Reporter: Andy Dwijayanto | Editor: Handoyo .
KONTAN.CO.ID - JAKARTA. Belum tercapainya swasembada pangan menyebabkan ketergantungan pada impor komoditas pangan masih tinggi. Data yang dirilis Badan Pusat Statistik (BPS) menyatakan nilai impor barang konsumsi sepanjang bulan Januari-Juni 2018 mencapai USD 8,18 miliar, atau naik 21,64% dibanding periode yang sama tahun lalu (year-on-year).
Menurut BPS, komoditas pangan seperti beras, gula, dan kedelai, menjadi penyumbang terbesar kenaikan impor barang konsumsi itu. Tingginya ketergantungan impor akan mengganggu ketahanan pangan nasional
Selain itu, peningkatan kebutuhan akan protein hewani juga semakin tinggi. Penelitian dari pakar ekonomi pertanian, Bustanul Arifin, memprediksi bahwa konsumsi unggas menunjukkan peningkatan signifikan dibandingkan dengan produk hewani lainnya, yaitu 22,1% pada tahun 2025 menjadi 9,13 kilogram per kapita per tahun.
Konsumsi daging sapi juga diprediksi meningkat sebesar 10,3% menjadi 2,79 kilogram per kapita per tahun pada tahun 2025. Bila tidak diantisipasi, negara akan mengalami defisit kebutuhan ayam dan daging, yang juga akan mengganggu ketahanan pangan nasional.

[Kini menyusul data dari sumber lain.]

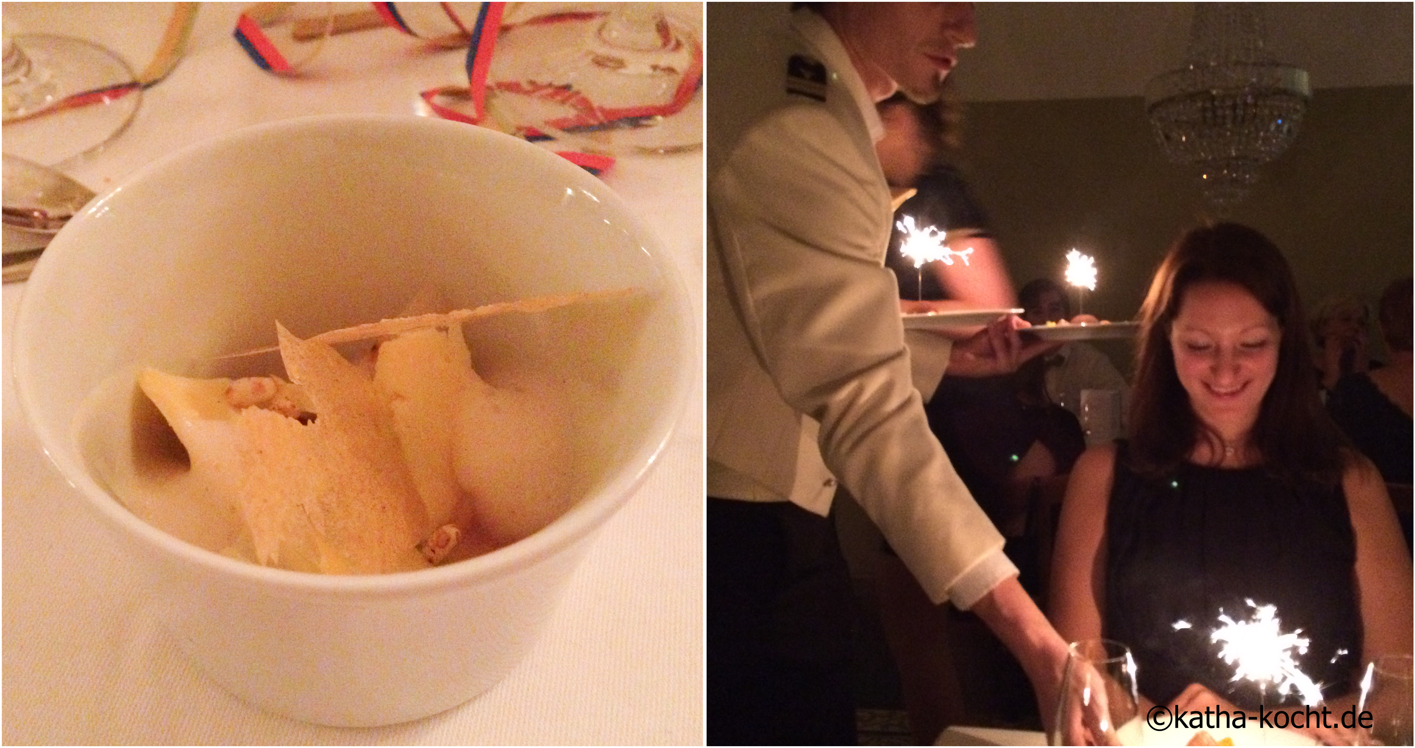 Könnt ihr es glauben – den ganzen Abend hat mein Handy mich gemobbt weil der Fotospeicher voll war. Also habe ich kurzerhand ein paar Apps gelöscht, aber ausgerechnet die Eisbombe – das klassische Traumschiff-Dessert – hat es scheinbar nicht aufgenommen. Gut, dass Bessere Hälfte ein paar Fotos gemacht hat als es serviert wurde. Im typischen Traumschiff-Stil mit gedämmtem Licht, passender Musik und natürlich Wunderkerzen. Hier sieht man, dass nicht nur in das Menü und die Weine, sondern auch in das Gesamtkonzept viel Liebe bei der Planung gesteckt wurde. Wir hatten auf jeden Fall unseren Spaß! Dazu gab es übrigens einen Chardonnay & Riesling Eiswein vom Weingut Frey aus der Pfalz, den ich ziemlich interessant fand.

Untuk mengatasi tantangan ini, pemerintah tidak bisa berjalan sendiri. Diperlukan peran swasta serta masyarakat petani dan peternak untuk bersama dengan pemerintah menghadapi tantangan ketahanan pangan ini.
Rachmat Indrajaya, Direktur Corporate Affairs PT Japfa Comfeed Indonesia Tbk (JPFA) menyampaikan sektor swasta dan masyarakat perlu berkolaborasi membuat program kemitraan yang tidak hanya akan meningkatkan kapasitas produksi. Namun juga menyejahterakan petani dan peternak, serta menciptakan ekonomi yang berkelanjutan atau sustainable.
"Kemitraan ini sejalan dengan nafas hidup JAPFA untuk berkembang menuju kesejahteraan bersama berlandaskan asas saling menguntungkan antara sektor swasta dengan petani dan peternak,” ujarnya dalam siaran pers, Jumat (19/10).
Menurut Rachmat, sektor swasta dituntut berfikir kreatif menciptakan program kemitraan dengan melibatkan sejumlah pihak, seperti perbankan, asuransi, perusahaan penyedia jasa pendampingan, dan masyarakat tani maupun ternak.